TASK STATEMENT> Your answer should hold only the lines from the start of the data below through the line with "После масштабных пожаров", copied exactly, with pictures left out.

STORED DATA>
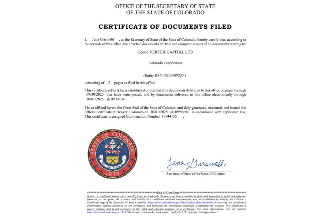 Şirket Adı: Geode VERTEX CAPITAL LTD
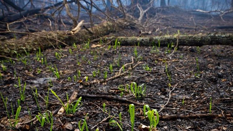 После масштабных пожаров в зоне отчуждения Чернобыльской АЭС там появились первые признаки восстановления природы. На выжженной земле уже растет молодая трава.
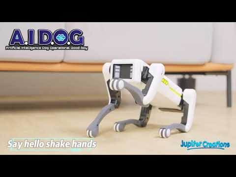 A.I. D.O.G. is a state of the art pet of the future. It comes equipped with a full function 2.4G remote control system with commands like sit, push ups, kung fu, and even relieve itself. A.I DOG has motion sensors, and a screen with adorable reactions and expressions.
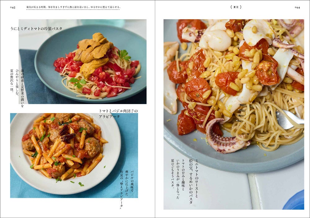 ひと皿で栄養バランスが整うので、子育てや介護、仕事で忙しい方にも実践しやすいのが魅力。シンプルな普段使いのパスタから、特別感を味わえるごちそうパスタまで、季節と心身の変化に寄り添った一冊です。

RESPONSE AREA>
 Şirket Adı: Geode VERTEX CAPITAL LTD
 После масштабных пожаров в зоне отчуждения Чернобыльской АЭС там появились первые признаки восстановления природы. На выжженной земле уже растет молодая трава.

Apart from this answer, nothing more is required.